Consider these official Uefa statistics from the current Champions League. He is the top scorer in the competition with eight goals and he is third equal in assists, of which he has made four. Ronaldo, who has played 83 minutes more, has scored twice, with one assist. Messi’s ratio of goals to shots is one in three; Ronaldo’s, one in 25. “The two of them are great players,” said Capello in February, “but nobody in the world has the talent that Messi has.”
Messi, the England manager added, “is Maradona’s successor”. Last month he went further. “Messi does things that others don’t even think about. Every era has its superstar, like Pelé or Maradona, and Messi can be the superstar of the next decade.”
Van Basten, Milan’s former Dutch goalscoring sensation, has recently declared that Messi is “the world’s greatest talent”. Messi’s Barcelona teammate, the Cameroonian Samuel Eto’o, is Europe’s top goalscorer this season. Recently, he was heard asking the little Argentinian at a post-game press gathering: “Leo, why are you so good?” Then Eto’o, who is no shrinking violet when describing his own talent, told reporters: “He does things no one has ever done before. He is the new Maradona. He is a player who makes us dream.”
What does Maradona himself, his coach in the Argentina national side, say? He has betrayed in the past what Argentinian journalists describe as a certain competitive ambiguity, accusing Messi last year of being too selfish on the ball (a claim his teammates hotly dispute).
But in recent weeks, as if understanding that his only chance of World Cup glory as Argentina coach rests on his successor’s slim shoulders, Maradona has become more effusive, saying, for example: “Messi is a phenomenon”; “The pitch belongs to him”; and “I hope he turns out to be better than me.” According to a source inside the Argentina camp, after a game against France in Paris in February, which Argentina won and in which Messi scored another wonder goal, Maradona was overheard confiding in a group of friends, with what sounded like a curious mix of misgiving and wonder: “Well, let’s see now if it really turns out that he is going to be better than me.”

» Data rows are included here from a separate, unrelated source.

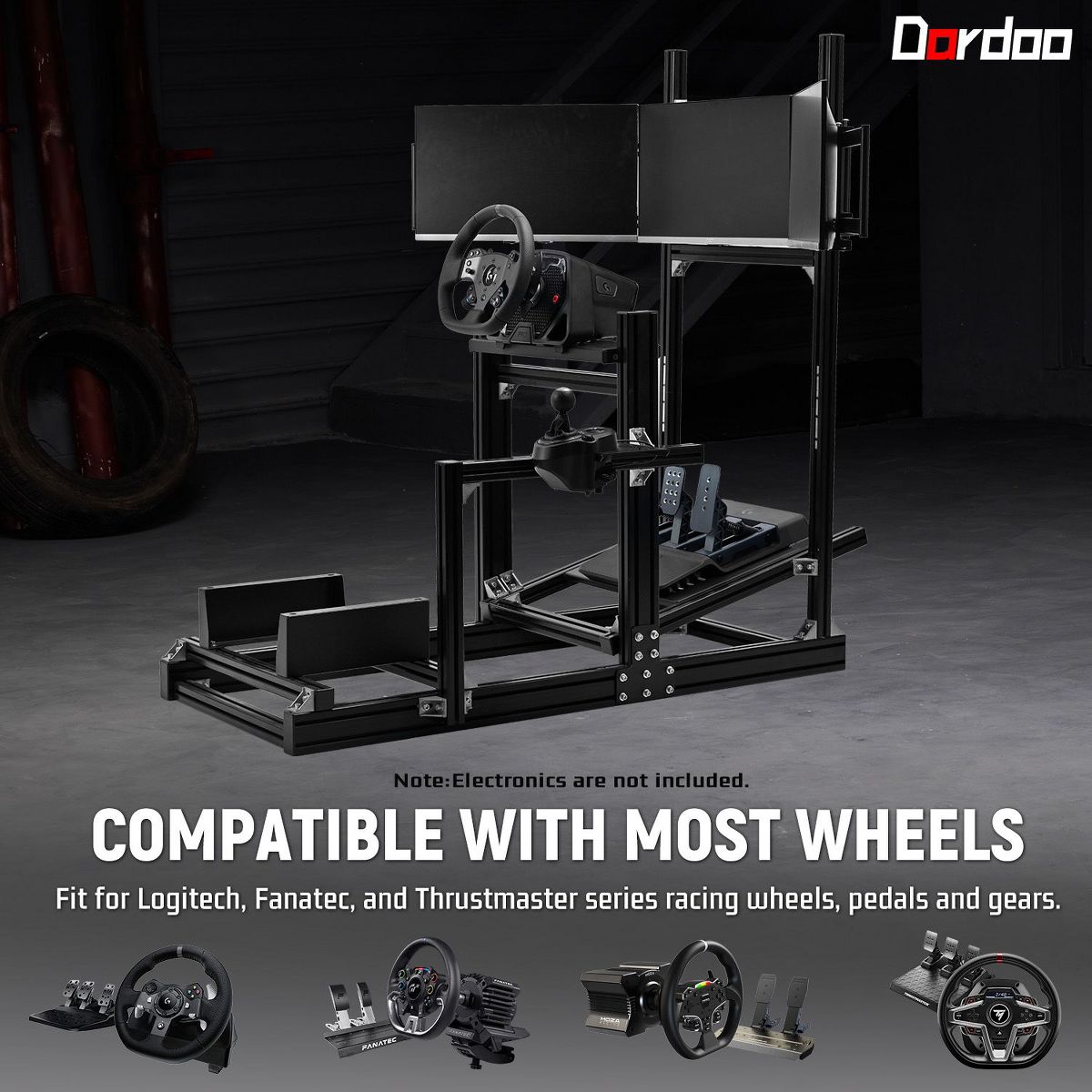 Dardoo 4080 Aluminum F1 Sim Rig with Integrated Triple Monitor Stand for an Immersive Experience.Excluding electronic devices.
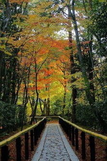 大徳寺塔頭の一つ高桐院(こうとう-いん)は、大徳寺境内西北にある。「楓の庭」で知られる。 清源院など5庵があり、高桐院派と称され、北派輪住で護持された。 臨済宗大徳寺派。本尊は釈迦如来像。 「ミシュラン・グリーンガイド・ジャポン 1つ星観光地」(改訂第4版)に選ばれている。 ◆歴史年表 創建、変遷の詳細は不明。 安土・桃山時代、1601年/1602年、細川忠興(三斎)が、父・幽斎の菩提所として建立した。開山は忠興の叔父・玉甫紹琮(ぎょくほ-じょうそう)による。以後、細川家の菩提寺になる。忠興の戒名の「松向寺殿前三議三斎宗立大居士」より、当初は「松向寺」と呼ばれたという。 江戸時代、1613年、玉甫の没後、その塔所になる。2世に賢谷宗良(けんこく-そうりょう)が就く。 1625年、清巌宗渭(せいがん-そうい)が大徳寺に入り、高桐院3世になる。 慶安年間(1648-1652)、清巌は大仙院寮舎を移築し、子院・祥林軒を建立した。 近代、1868年以後、神仏分離令後の廃仏毀釈により、子庵は破却され、什物が散逸する。高桐院客殿(本堂)も取り壊された。 明治期(1868-1912)末-大正期(1912-1926)、官僚・細川護立の寄進により現在の客殿が再建される。 現代、1971年、住職・松山剛山により、苔庭に改める。参道なども整えられた。 ◆玉甫 紹琮 室町時代後期-江戸時代前期の臨済宗の僧・玉甫 紹琮(ぎょくほ-じょうそう、1546-1613)。男性。俗姓は三淵、諡号は大悲広通禅師、別号は半泥子。山城(京都府)の生まれ。父・三淵伊賀守晴院、細川幽斎の異兄弟に当たる。大徳寺・古溪宗陳の法嗣。1586年、大徳寺130世。1588年、豊臣秀吉の命により古溪宗陳に代わり総見院2世になる。68歳。 高桐院(北区)に塔された。 ◆細川 幽斎 室町時代後期-江戸時代前期の武将・歌人・細川 幽斎(ほそかわ-ゆうさい、1534-1610)。男性。通称は万吉、与一郎、諱は藤孝(ふじたか)、別号は玄旨。藤孝、兵部大輔、法名を幽斎玄旨。父・足利幕臣・三淵晴員、母は将軍・足利義晴の側室(清原宣賢の娘)の次男、実父は義晴の4男ともいう。子に細川忠興(ただおき)。1539年、義晴の命で伯父・細川元常の養子になる。1546年、13代・義輝(よしてる)(義藤)の一字をもらい藤孝という。1553年、義晴、義藤の近江亡命に同行する。1554年、元常の死に伴い家督を相続した。1565年、将軍・義輝暗殺後、その弟・一条院覚慶(義昭)を大和興福寺より救出近江甲賀郡へ導く。1568年、織田信長の援助を得て、義昭上洛に成功した。1573年、義昭が信長に追われ、信長家臣になり西岡(長岡)を得る。長岡姓を称した。1580年、明智光秀とともに丹波、丹後平定の功により、信長より丹後一国を与えられた。宮津に居城した。1582年、本能寺の変で、姻戚・明智光秀の誘いを断わり、剃髪し嫡子・忠興に譲り、丹後田辺城に移り、隠居した。1583年、豊臣秀吉より西岡を与えられる。1586年、秀吉の九州攻め、1590年、小田原攻めに加わり、1592年、文禄の役で肥前・名護屋、薩摩などに赴く。1600年、関ヶ原の戦で徳川家康方に付き、石田三成方に攻められ田辺城に籠城した。古今伝授の廃絶を憂慮した第107代・後陽成天皇の勅命で和睦、生還する。家集『衆妙集』、著『百人一首抄』など多数。77歳。 足利義晴・義輝・義昭に仕え、織田信長、豊臣秀吉、徳川家康に重用された。有職故実、書道、千利休に茶を学ぶ。古典学者、歌人でもあり、古今伝授を三条西実枝(さねき)から受けた。二条派の正統を継承し、近世歌学の祖と称された。門下に烏丸光広、中院通勝、松永貞徳らがいる。 南禅寺・天授庵(左京区)に葬られる。 ◆細川 忠興 室町時代後期-江戸時代前期の大名・細川 忠興(ほそかわ-ただおき、1563-1646)。男性。幼名は熊千代、與一郎、号は三斎、法名は宗立(そうりゅう)、越中守。京都の生まれ。父・長岡藤孝(細川幽斎)、母・沼田上野介光兼の娘の長男。足利義輝の命により細川輝経の養子になる。1577年、織田信長に従い、雑賀(さいか)一揆に初陣する。1578年、信長の嫡子・信忠より一字をもらい忠興と名乗る。1579年、明智光秀の娘・玉(たま、細川ガラシャ)と結婚した。1580年、丹後宮津を与えられる。1582年、本能寺の変で、義父・光秀に誘われたが羽柴 (豊臣) 秀吉に従う。父と共に剃髪して弔意を示した。秀吉は玉の殺害を命じたが、忠興は玉を離別し味土野に幽閉した。後に許されて再び妻を迎える。1585年、従四位下侍従に任じられ、羽柴姓を許された。1589年、秀吉は幽斎と忠興に改めて丹後国を安堵した。1590年、小田原征伐に加わる。1593年、朝鮮に出陣、1596年、越中守になる。1598年、秀吉の死後、三男忠利を人質に出し、徳川家康に接近した。1600年、関ヶ原の戦で家康に属した。妻・玉は石田三成から人質として大坂入城を求められたが応じず、大坂玉造(たまつくり)の邸で自刃した。戦後、その功により、豊前、豊後を与えられ中津城に入る。1601年、小倉城を築き移った。1620年、病気で家督を3男・忠利譲り、中津に移り落飾して三斎宗立と号した。1632年、忠利の肥後入国に伴
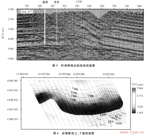 GeoMountain解釋軟件系統(tǒng)在10多個項目中得到了廣泛應(yīng)用,取得較好效果。圖4為西部某工區(qū)構(gòu)建的地下速度模型,經(jīng)時深轉(zhuǎn)換后得到深度剖面。由于準(zhǔn)確的速度場構(gòu)建,消除了時間剖面的構(gòu)造假象,恢復(fù)了地下復(fù)雜構(gòu)造的真實(shí)形態(tài)(圖5)。圖6為某層的逆掩斷層構(gòu)造成圖,它同時刻畫了斷層上、下盤包括逆掩部分的構(gòu)造形態(tài)。
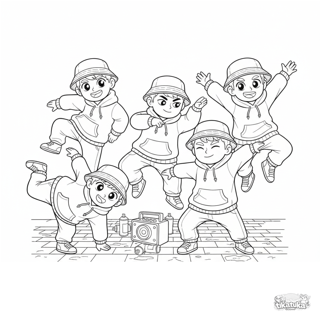 Página para colorear para niños de 7-12 años: una crew de hip-hop bailando en un callejón de ladrillos. Escena dinámica con ropa detallada, altavoz y latas de spray.
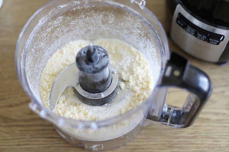 1. 制作酥皮:黄油适当软化后和糖粉,低粉一起放进料理器打散。酥皮:黄油40克,糖粉25克,低粉50克。
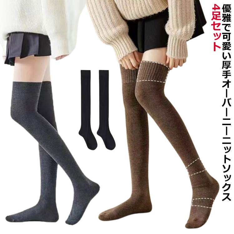 4足セット あったか 厚手 暖かい 靴 レディース 靴下 レッグウェア 靴下 豊富 ブラック ダックグレー ブラウン
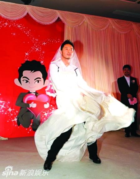 通常都是新娘子穿婚纱,这次沙溢居然披着头巾,穿着一身雪白的婚纱跳着轻快的舞步出场,不时拉起裙摆扭动屁股,像模特走秀。跳到舞台上之后,还大方地跳起舞动裙纱跳起探戈,随后又做出跳芭蕾舞的动作,搞笑的动作让现场嘉宾忍俊不禁。据记者了解,这套婚纱是沙溢自己挑选的,由于版型偏瘦,沙溢一度还担心自己穿不进去。当另一位司仪刘仪伟采访他的时候,沙溢才假装委屈:“其实这是我老婆逼着这么做的,同时也是送给所有嘉宾的一个惊喜,希望大家能够在快乐中度过这个时刻。”
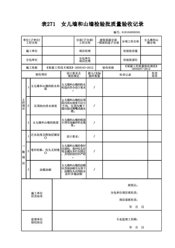 表格名称:010104050301 女儿墙和山墙检验批质量验收记录
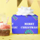 Candy Cane design. Folha de papel azul brilhante bonito de uma cana doce azul-clara com aspecto de tiras cor-de-rosa 3D e contorno. Texto dizendo, Feliz Natal em uma cor branca. Mantenha o ditado ou PERSONALIZE inserindo sua própria mensagem. Candy Cane tem o aspecto de um biscoito cozido. Clique em PERSONALIZAR TI para alterar a cor azul de fundo, se desejar. Arte original © TamiraZDesign.
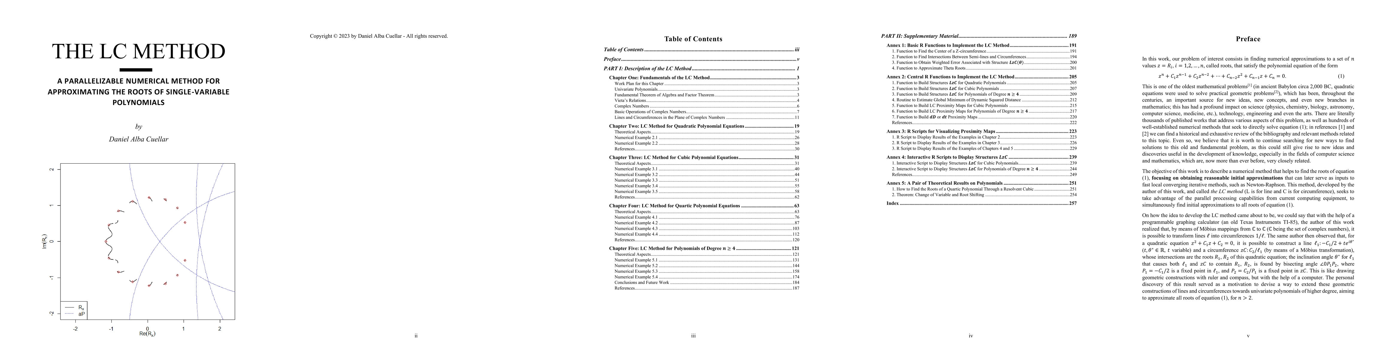 The LC method approximates roots of single-variable polynomials using geometric structures of Lines L and Circumferences C, leveraging parallel processing for efficiency. It provides R programs for reproducing results and encourages further development of the method.
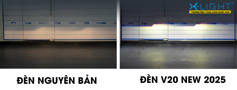 Khi đặt đèn nguyên bản của Mazda 3 và đèn bi LED X-Light V20 New 2025 sau khi nâng cấp trên xe, dễ dàng thấy được sự khác biệt về hiệu suất, vùng được chiếu sáng, độ đậm. Đèn zin của xe có ánh sáng vàng nhạt, vùng chiếu sáng tương đối hẹp và ngắn. Trong khi đó, bi LED V20 New 2025 mang lại hiệu suất cao hơn, dải sáng phủ đều từ tâm đến hai bên, giúp người lái dễ nhận diện chướng ngại vật trên đường.
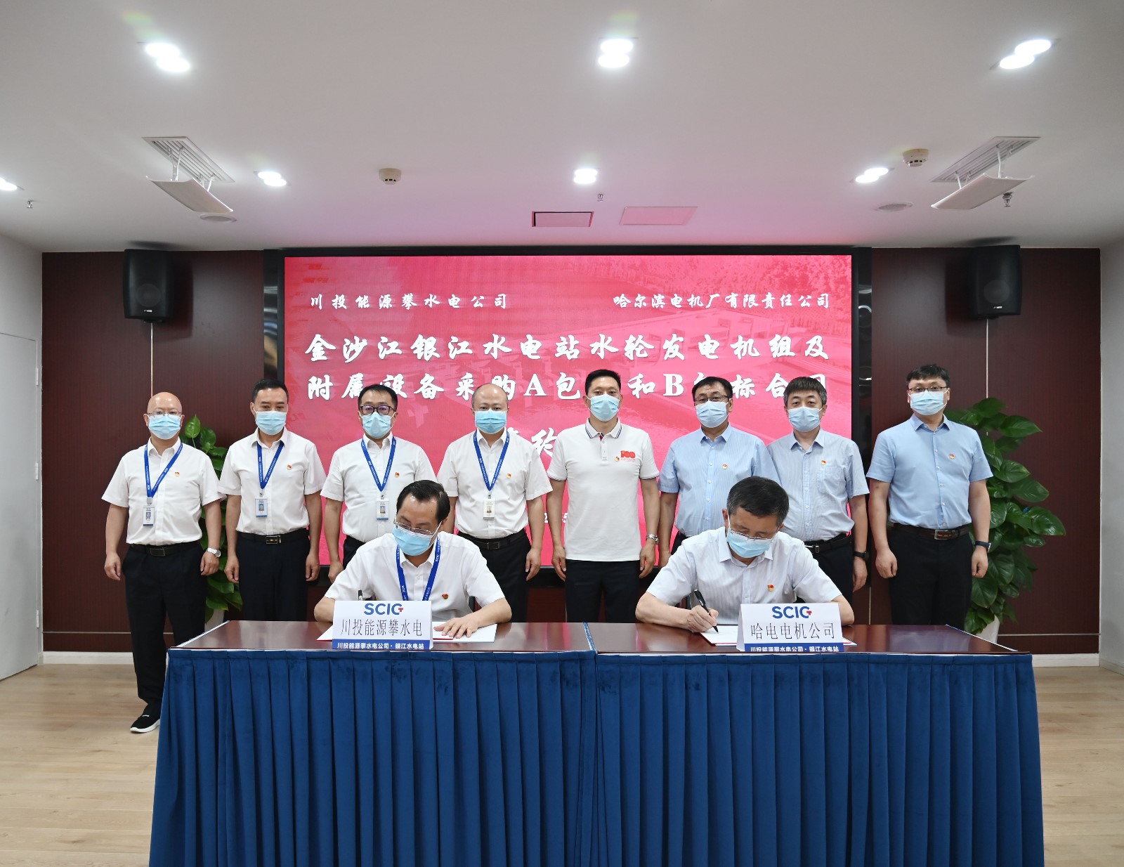 5月13日上午,攀水电公司在公司2620会议室举行了金沙江银江水电站水轮发电机组及附属设备采购A包标和B包标合同签约仪式。吃瓜党委副书记、工会主席冉兰平出席仪式并见证签约,吃瓜副总经理、攀水电公司党总支书记、董事长、攀新能源公司董事长徐孝刚与哈尔滨电气股份有限公司副总裁、哈尔滨电机厂有限责任公司董事长、党委书记王贵代表双方签约,仪式由攀水电公司党总支委员、总经理吴巍屿主持,哈尔滨电机厂有限责任公司相关部门人员、攀水电公司与攀新能源公司领导及相关人员共23人出席仪式。
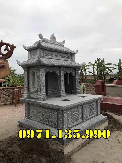 - Mô tả: Mộ 2 mái bằng đá là phiên bản nâng cấp từ mộ 1 mái, với hai tầng mái xếp chồng lên nhau. Thiết kế này mang đến sự bề thế và trang trọng hơn, thể hiện lòng kính trọng sâu sắc đối với người đã khuất. Mộ 2 mái thường có hoa văn tinh xảo, phù hợp với các dòng họ lớn.
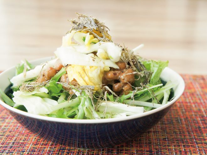 ゆず白菜漬け納豆昆布サラダ 材料納豆(丹念納豆)、レタス、キャベツ、水菜、ゆず白菜漬け、ふりかけ昆布、オリーブオイル、粗挽き塩こしょうゆず白菜漬け納豆昆布サラダの作り方①レタスとキャベツ、水菜は、食べやすい大きさに切ったら、器に盛りつけます。②オリーブオイル、粗挽き塩こしょう、よく混ぜた納豆をかけます。③ゆず白菜漬け、ふりかけ昆布をかけたら完成です。
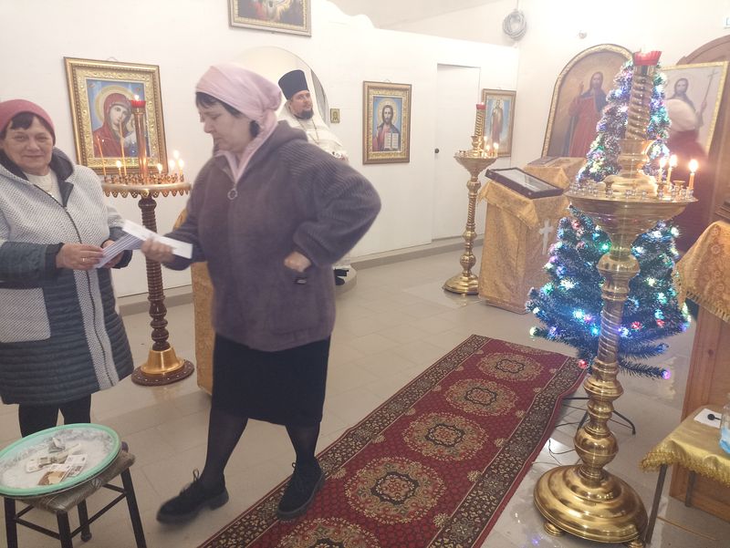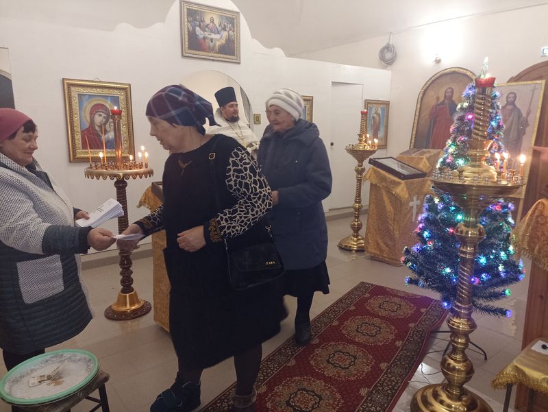 По окончании Божественной литургии священник и прихожане поздравили всех собравшихся со светлым праздником, пожелали крепкого здоровья и вручили тематические листовки нравственного содержания, посвящённые Рождеству Христову.
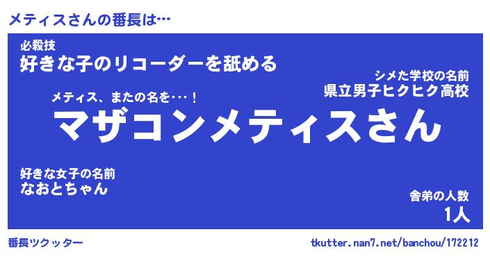 | ヘコむあだ名 | 『メテにゅー』『酢こんぶ』 |
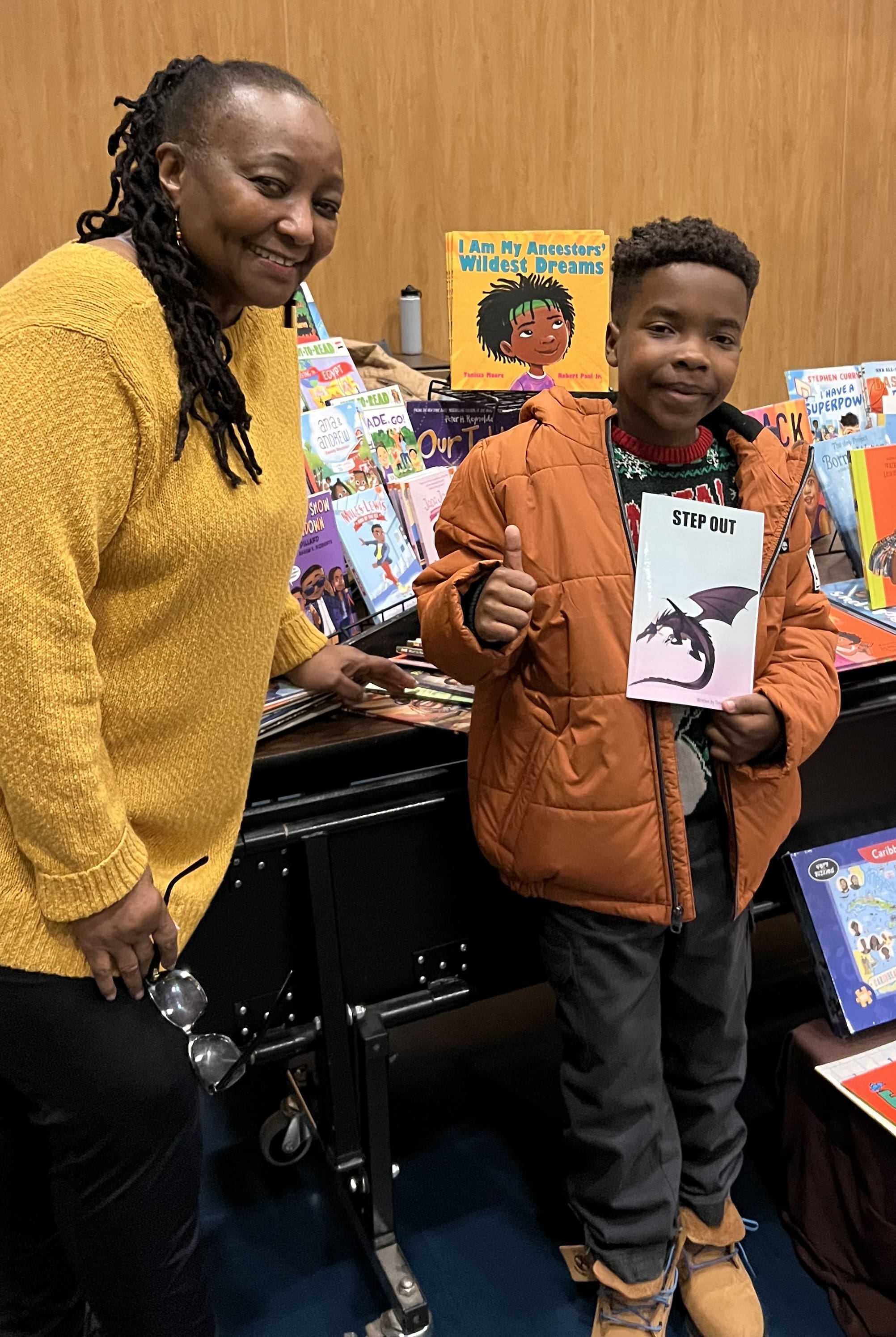 as student author, Timothy Boykin read from his book, Step Out.He is a talented fourth grader at HUSD and has
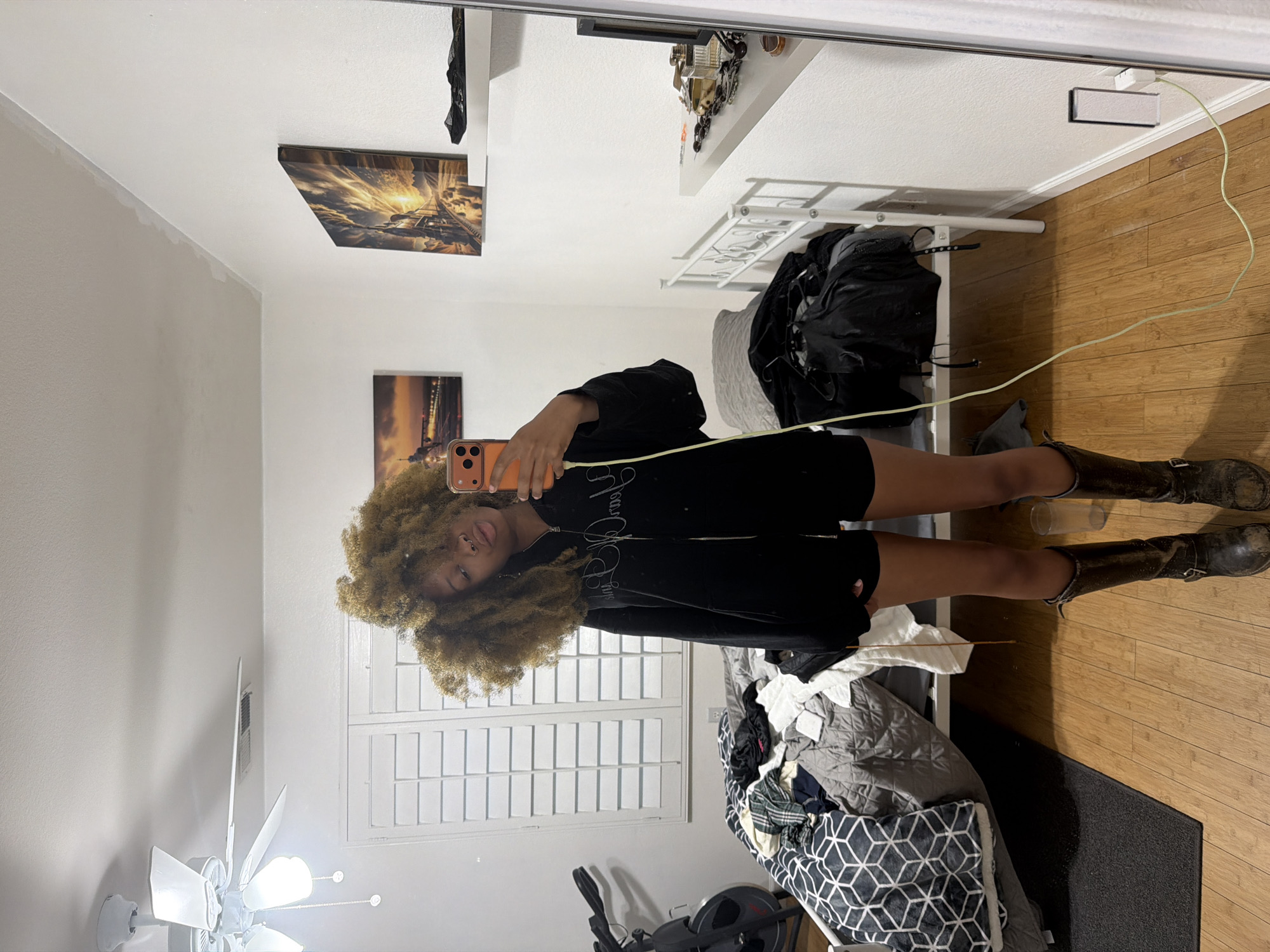 A person with curly hair wearing a black jacket and black shorts is taking a selfie in a mirror
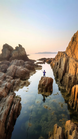 Generative AI : Abrasion platform flysch and cliffs in Costa Quebrada Cantabria Spain Beautiful seascape at dusk by the Cantabrian Coast

Maradona’s goalscoring teammate from the 1986 World Cup final, Valdano, believes Messi will be as good. In a recent conversation, Valdano noted that Messi, at 21, was a more mature player than Maradona at the same age. He also remarked with convincing modesty that Messi had the good fortune, which Pelé had and Maradona did not, of playing in a truly great team, namely the present Barcelona one. “He has mental speed, physical speed and speed of technique: three crushing propositions in the face of any rival,” said Valdano. “He is one of the greats. He feels happier playing football than doing anything else. On the pitch he feels the king of the world.”
He feels it, and he is it. Just watch on Tuesday evening.